╭──

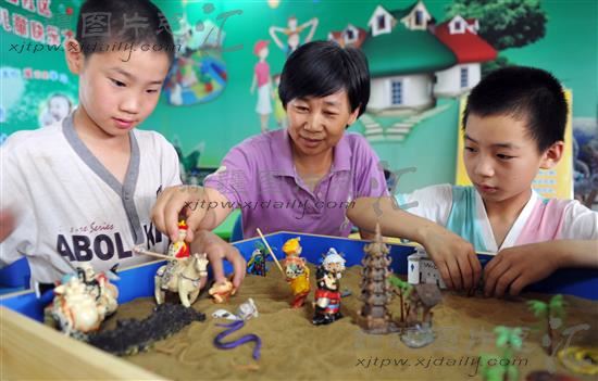 2014年7月15日,心理辅导老师利用沙盘游戏为小朋友进行心理辅导。
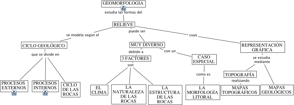 This Concept Map, created with IHMC CmapTools, has information related to: geomorfologia, MUY DIVERSO debido a 3 FACTORES, RELIEVE se modela según el CICLO GEOLÓGICO, 3 FACTORES son EL CLIMA, CICLO GEOLÓGICO que se divide en PROCESOS INTERNOS, RELIEVE puede ser MUY DIVERSO, CICLO GEOLÓGICO que se divide en CICLO DE LAS ROCAS, 3 FACTORES son LA ESTRUCTURA DE LAS ROCAS, REPRESENTACIÓN GRÁFICA se estudia mediante MAPAS GEOLÓGICOS, REPRESENTACIÓN GRÁFICA se estudia mediante TOPOGRAFÍA, MUY DIVERSO con un CASO ESPECIAL, GEOMORFOLOGIA estudia las formas del RELIEVE, RELIEVE cuya REPRESENTACIÓN GRÁFICA, 3 FACTORES son LA NATURALEZA DE LAS ROCAS, CASO ESPECIAL como es LA MORFOLOGÍA LITORAL, CICLO GEOLÓGICO que se divide en PROCESOS EXTERNOS, TOPOGRAFÍA realizando MAPAS TOPOGRÁFICOS
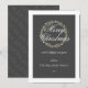 Cartão de Natal personalizado com uma coroa de água fria sobre cinzas de carvão com carvão e cor d'água. Folhagem verde e bagas vermelhas.
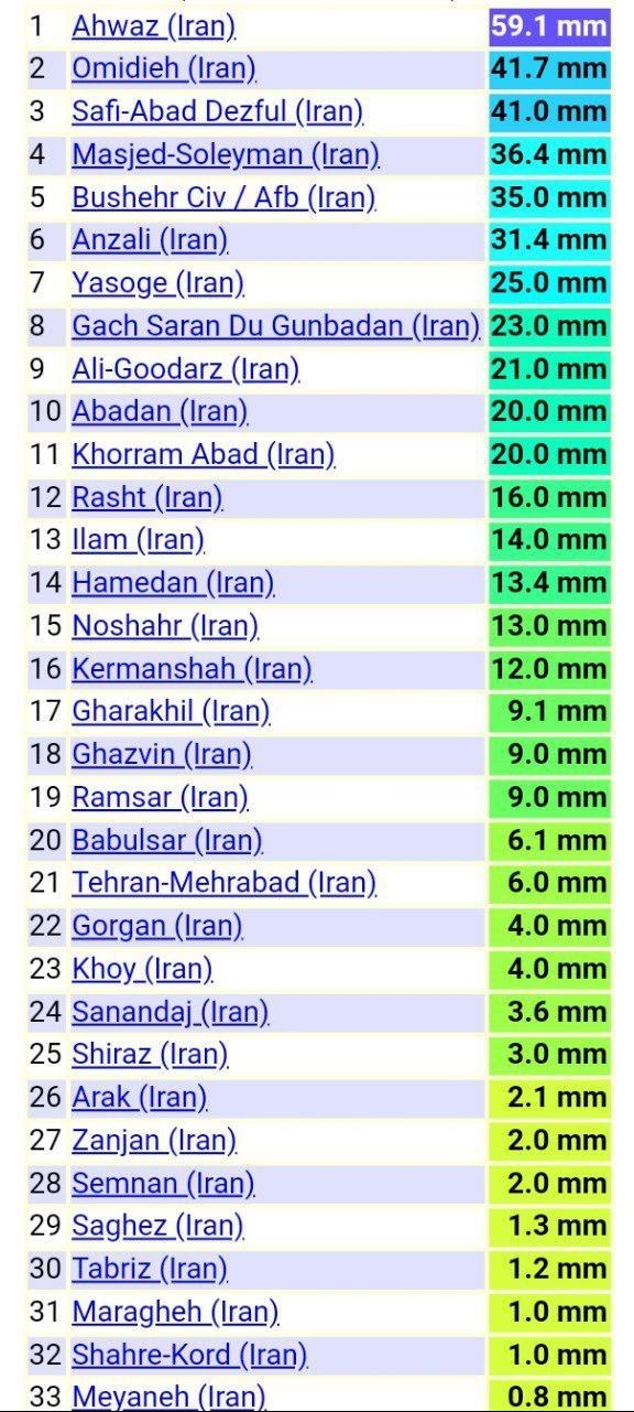 بر اساس جدول بارش‌های 24 ساعت گذشته، شهر اهواز در استان خوزستان با میانگین بارش 59 میلیمتر پربارش‌ترین نقطه کشور است و ...
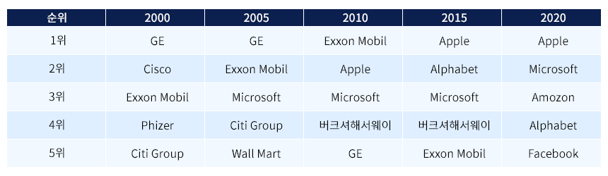 과거 20년간 미국 S&P 상위 기업은 제조 기반인 IBM, GE, Exxon Mobil, P&G, Coca-Cola 등이 상위권에 위치했지만, 현재는 무형경제를 주도하는 MAFAA가 1위~5위를 장악하고 있다. 제조업체는 큰 차이로 후순위로 밀려나고 있는 것이다.
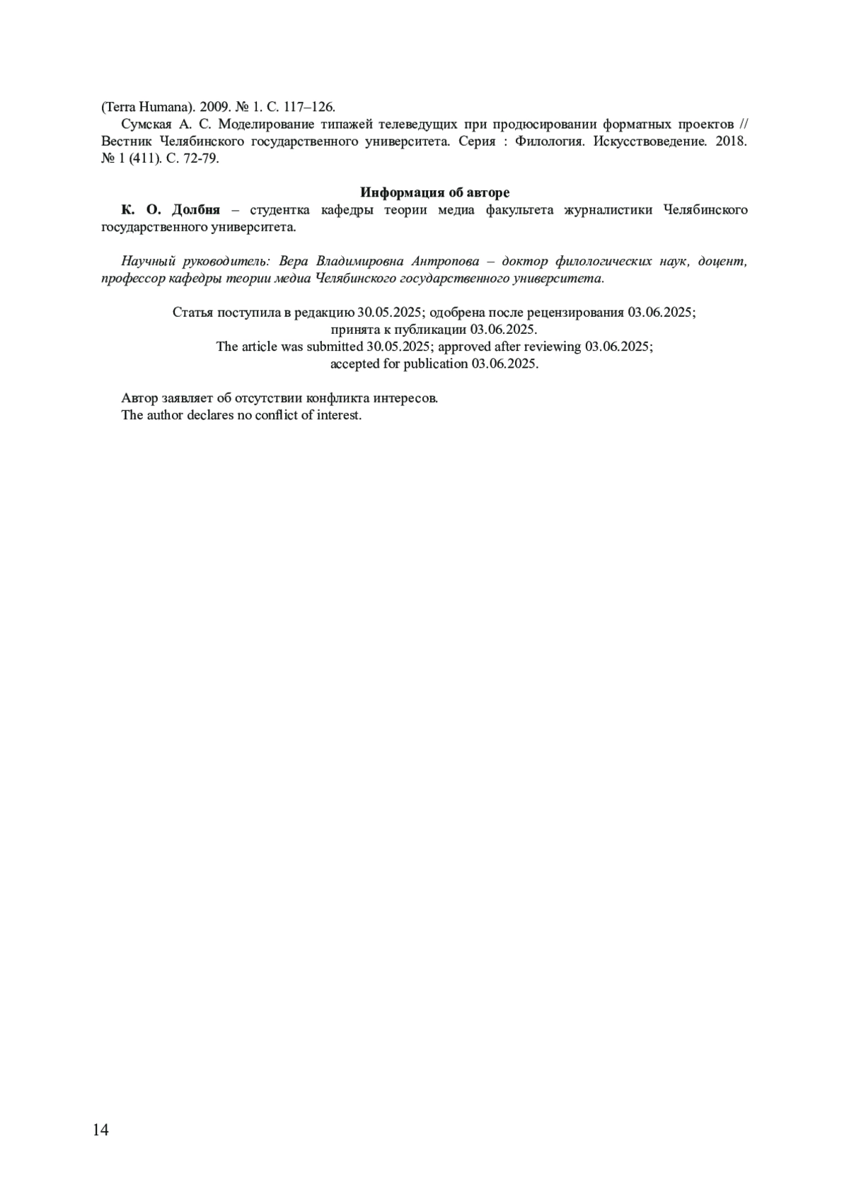 15. Сумская А. С. Моделирование типажей телеведущих при продюсировании форматных проектов // Вестник Челябинского государственного университета. Серия: Филология. Искусствоведение. 2018. № 1 (411). С. 72-79.

╰──

Problem requirements
Set the lines down exactly as they stand, from the one containing "This Concept Map, created" through the end of the listing, omitting every picture.

Expected answer
 This Concept Map, created with IHMC CmapTools, has information related to: geomorfologia, MUY DIVERSO debido a 3 FACTORES, RELIEVE se modela según el CICLO GEOLÓGICO, 3 FACTORES son EL CLIMA, CICLO GEOLÓGICO que se divide en PROCESOS INTERNOS, RELIEVE puede ser MUY DIVERSO, CICLO GEOLÓGICO que se divide en CICLO DE LAS ROCAS, 3 FACTORES son LA ESTRUCTURA DE LAS ROCAS, REPRESENTACIÓN GRÁFICA se estudia mediante MAPAS GEOLÓGICOS, REPRESENTACIÓN GRÁFICA se estudia mediante TOPOGRAFÍA, MUY DIVERSO con un CASO ESPECIAL, GEOMORFOLOGIA estudia las formas del RELIEVE, RELIEVE cuya REPRESENTACIÓN GRÁFICA, 3 FACTORES son LA NATURALEZA DE LAS ROCAS, CASO ESPECIAL como es LA MORFOLOGÍA LITORAL, CICLO GEOLÓGICO que se divide en PROCESOS EXTERNOS, TOPOGRAFÍA realizando MAPAS TOPOGRÁFICOS
 Cartão de Natal personalizado com uma coroa de água fria sobre cinzas de carvão com carvão e cor d'água. Folhagem verde e bagas vermelhas.
 بر اساس جدول بارش‌های 24 ساعت گذشته، شهر اهواز در استان خوزستان با میانگین بارش 59 میلیمتر پربارش‌ترین نقطه کشور است و ...
 과거 20년간 미국 S&P 상위 기업은 제조 기반인 IBM, GE, Exxon Mobil, P&G, Coca-Cola 등이 상위권에 위치했지만, 현재는 무형경제를 주도하는 MAFAA가 1위~5위를 장악하고 있다. 제조업체는 큰 차이로 후순위로 밀려나고 있는 것이다.
 15. Сумская А. С. Моделирование типажей телеведущих при продюсировании форматных проектов // Вестник Челябинского государственного университета. Серия: Филология. Искусствоведение. 2018. № 1 (411). С. 72-79.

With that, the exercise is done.